* **Provided material**:
- Opening Delimiter -
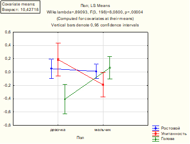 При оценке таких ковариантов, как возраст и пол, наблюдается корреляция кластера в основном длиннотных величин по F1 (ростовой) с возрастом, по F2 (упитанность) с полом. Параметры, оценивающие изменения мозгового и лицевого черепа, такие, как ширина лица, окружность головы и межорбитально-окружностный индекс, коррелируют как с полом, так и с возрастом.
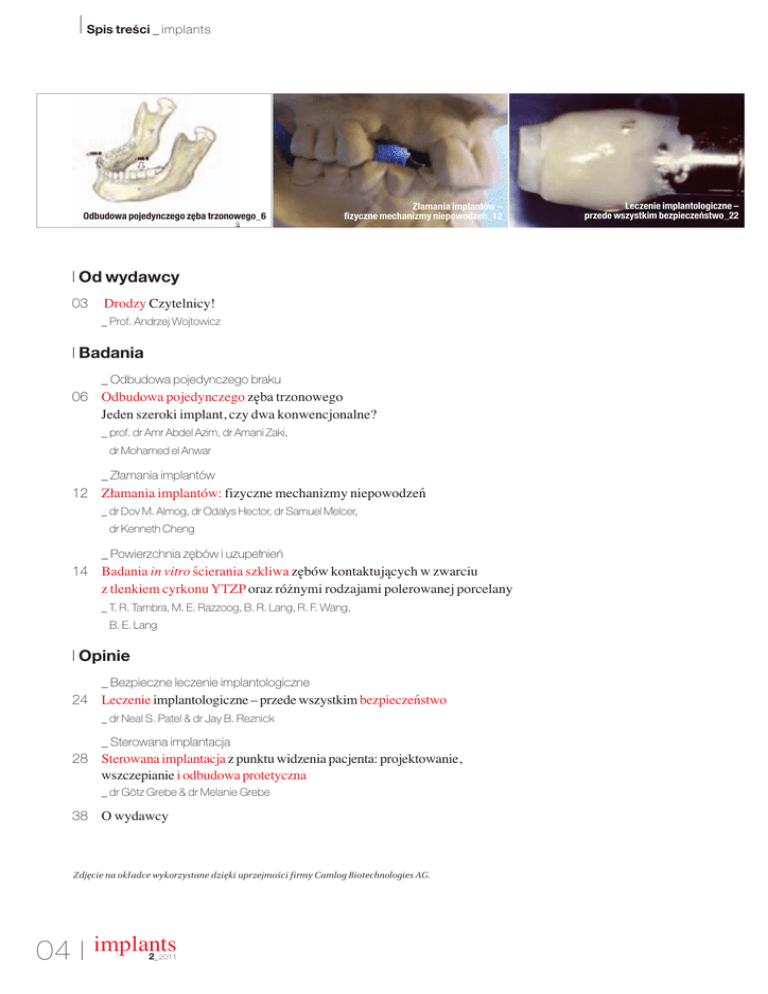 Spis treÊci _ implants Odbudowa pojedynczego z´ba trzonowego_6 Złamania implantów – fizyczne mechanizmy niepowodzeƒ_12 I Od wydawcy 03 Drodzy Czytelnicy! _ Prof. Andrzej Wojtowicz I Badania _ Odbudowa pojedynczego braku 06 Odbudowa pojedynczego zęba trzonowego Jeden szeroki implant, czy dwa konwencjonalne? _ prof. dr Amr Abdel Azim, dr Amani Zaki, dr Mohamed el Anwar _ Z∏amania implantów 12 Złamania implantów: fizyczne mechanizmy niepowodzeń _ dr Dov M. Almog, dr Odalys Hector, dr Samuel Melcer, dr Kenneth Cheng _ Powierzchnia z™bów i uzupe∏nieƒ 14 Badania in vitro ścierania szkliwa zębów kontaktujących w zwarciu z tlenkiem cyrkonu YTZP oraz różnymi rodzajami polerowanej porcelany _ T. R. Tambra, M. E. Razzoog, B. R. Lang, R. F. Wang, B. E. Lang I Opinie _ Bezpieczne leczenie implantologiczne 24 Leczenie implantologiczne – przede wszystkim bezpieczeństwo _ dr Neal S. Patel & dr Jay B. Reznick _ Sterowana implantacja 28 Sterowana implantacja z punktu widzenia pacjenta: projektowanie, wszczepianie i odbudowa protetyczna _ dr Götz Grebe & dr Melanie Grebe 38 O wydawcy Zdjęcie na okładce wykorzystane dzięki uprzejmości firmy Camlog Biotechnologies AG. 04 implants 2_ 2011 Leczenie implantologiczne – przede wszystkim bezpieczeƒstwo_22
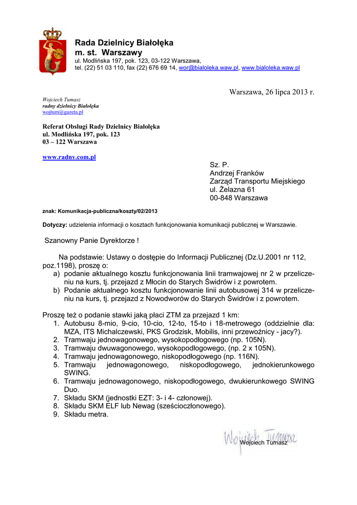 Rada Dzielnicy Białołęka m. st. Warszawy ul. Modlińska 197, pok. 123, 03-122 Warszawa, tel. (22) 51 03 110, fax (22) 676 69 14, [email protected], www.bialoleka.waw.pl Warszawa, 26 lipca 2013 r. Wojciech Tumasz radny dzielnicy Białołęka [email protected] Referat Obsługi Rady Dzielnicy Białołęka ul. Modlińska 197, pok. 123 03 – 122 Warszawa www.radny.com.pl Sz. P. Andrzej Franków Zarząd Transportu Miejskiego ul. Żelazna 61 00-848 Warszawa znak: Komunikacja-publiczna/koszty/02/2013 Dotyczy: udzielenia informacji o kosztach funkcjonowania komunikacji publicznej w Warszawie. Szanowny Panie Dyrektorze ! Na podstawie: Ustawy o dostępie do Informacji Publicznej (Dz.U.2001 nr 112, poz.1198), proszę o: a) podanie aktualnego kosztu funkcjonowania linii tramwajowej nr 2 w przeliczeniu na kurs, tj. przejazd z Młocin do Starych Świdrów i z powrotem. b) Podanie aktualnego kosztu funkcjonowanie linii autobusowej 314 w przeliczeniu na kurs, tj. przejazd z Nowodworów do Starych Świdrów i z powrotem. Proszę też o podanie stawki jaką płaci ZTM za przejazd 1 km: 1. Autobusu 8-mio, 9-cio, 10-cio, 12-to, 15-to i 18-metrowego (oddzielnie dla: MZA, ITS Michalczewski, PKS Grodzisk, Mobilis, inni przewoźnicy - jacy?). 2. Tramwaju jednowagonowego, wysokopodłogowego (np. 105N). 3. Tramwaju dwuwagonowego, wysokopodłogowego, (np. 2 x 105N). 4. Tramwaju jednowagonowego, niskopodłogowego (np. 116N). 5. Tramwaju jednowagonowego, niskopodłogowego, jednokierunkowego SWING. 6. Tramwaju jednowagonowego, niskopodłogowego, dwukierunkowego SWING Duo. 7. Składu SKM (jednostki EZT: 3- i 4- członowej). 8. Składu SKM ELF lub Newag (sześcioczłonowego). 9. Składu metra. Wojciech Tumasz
- Closing Delimiter -
* **Required action**: What's needed is a word-for-word retyping of the listing, minus its pictures.

* **Solution to this problem**:
 При оценке таких ковариантов, как возраст и пол, наблюдается корреляция кластера в основном длиннотных величин по F1 (ростовой) с возрастом, по F2 (упитанность) с полом. Параметры, оценивающие изменения мозгового и лицевого черепа, такие, как ширина лица, окружность головы и межорбитально-окружностный индекс, коррелируют как с полом, так и с возрастом.
 Spis treÊci _ implants Odbudowa pojedynczego z´ba trzonowego_6 Złamania implantów – fizyczne mechanizmy niepowodzeƒ_12 I Od wydawcy 03 Drodzy Czytelnicy! _ Prof. Andrzej Wojtowicz I Badania _ Odbudowa pojedynczego braku 06 Odbudowa pojedynczego zęba trzonowego Jeden szeroki implant, czy dwa konwencjonalne? _ prof. dr Amr Abdel Azim, dr Amani Zaki, dr Mohamed el Anwar _ Z∏amania implantów 12 Złamania implantów: fizyczne mechanizmy niepowodzeń _ dr Dov M. Almog, dr Odalys Hector, dr Samuel Melcer, dr Kenneth Cheng _ Powierzchnia z™bów i uzupe∏nieƒ 14 Badania in vitro ścierania szkliwa zębów kontaktujących w zwarciu z tlenkiem cyrkonu YTZP oraz różnymi rodzajami polerowanej porcelany _ T. R. Tambra, M. E. Razzoog, B. R. Lang, R. F. Wang, B. E. Lang I Opinie _ Bezpieczne leczenie implantologiczne 24 Leczenie implantologiczne – przede wszystkim bezpieczeństwo _ dr Neal S. Patel & dr Jay B. Reznick _ Sterowana implantacja 28 Sterowana implantacja z punktu widzenia pacjenta: projektowanie, wszczepianie i odbudowa protetyczna _ dr Götz Grebe & dr Melanie Grebe 38 O wydawcy Zdjęcie na okładce wykorzystane dzięki uprzejmości firmy Camlog Biotechnologies AG. 04 implants 2_ 2011 Leczenie implantologiczne – przede wszystkim bezpieczeƒstwo_22
 Rada Dzielnicy Białołęka m. st. Warszawy ul. Modlińska 197, pok. 123, 03-122 Warszawa, tel. (22) 51 03 110, fax (22) 676 69 14, [email protected], www.bialoleka.waw.pl Warszawa, 26 lipca 2013 r. Wojciech Tumasz radny dzielnicy Białołęka [email protected] Referat Obsługi Rady Dzielnicy Białołęka ul. Modlińska 197, pok. 123 03 – 122 Warszawa www.radny.com.pl Sz. P. Andrzej Franków Zarząd Transportu Miejskiego ul. Żelazna 61 00-848 Warszawa znak: Komunikacja-publiczna/koszty/02/2013 Dotyczy: udzielenia informacji o kosztach funkcjonowania komunikacji publicznej w Warszawie. Szanowny Panie Dyrektorze ! Na podstawie: Ustawy o dostępie do Informacji Publicznej (Dz.U.2001 nr 112, poz.1198), proszę o: a) podanie aktualnego kosztu funkcjonowania linii tramwajowej nr 2 w przeliczeniu na kurs, tj. przejazd z Młocin do Starych Świdrów i z powrotem. b) Podanie aktualnego kosztu funkcjonowanie linii autobusowej 314 w przeliczeniu na kurs, tj. przejazd z Nowodworów do Starych Świdrów i z powrotem. Proszę też o podanie stawki jaką płaci ZTM za przejazd 1 km: 1. Autobusu 8-mio, 9-cio, 10-cio, 12-to, 15-to i 18-metrowego (oddzielnie dla: MZA, ITS Michalczewski, PKS Grodzisk, Mobilis, inni przewoźnicy - jacy?). 2. Tramwaju jednowagonowego, wysokopodłogowego (np. 105N). 3. Tramwaju dwuwagonowego, wysokopodłogowego, (np. 2 x 105N). 4. Tramwaju jednowagonowego, niskopodłogowego (np. 116N). 5. Tramwaju jednowagonowego, niskopodłogowego, jednokierunkowego SWING. 6. Tramwaju jednowagonowego, niskopodłogowego, dwukierunkowego SWING Duo. 7. Składu SKM (jednostki EZT: 3- i 4- członowej). 8. Składu SKM ELF lub Newag (sześcioczłonowego). 9. Składu metra. Wojciech Tumasz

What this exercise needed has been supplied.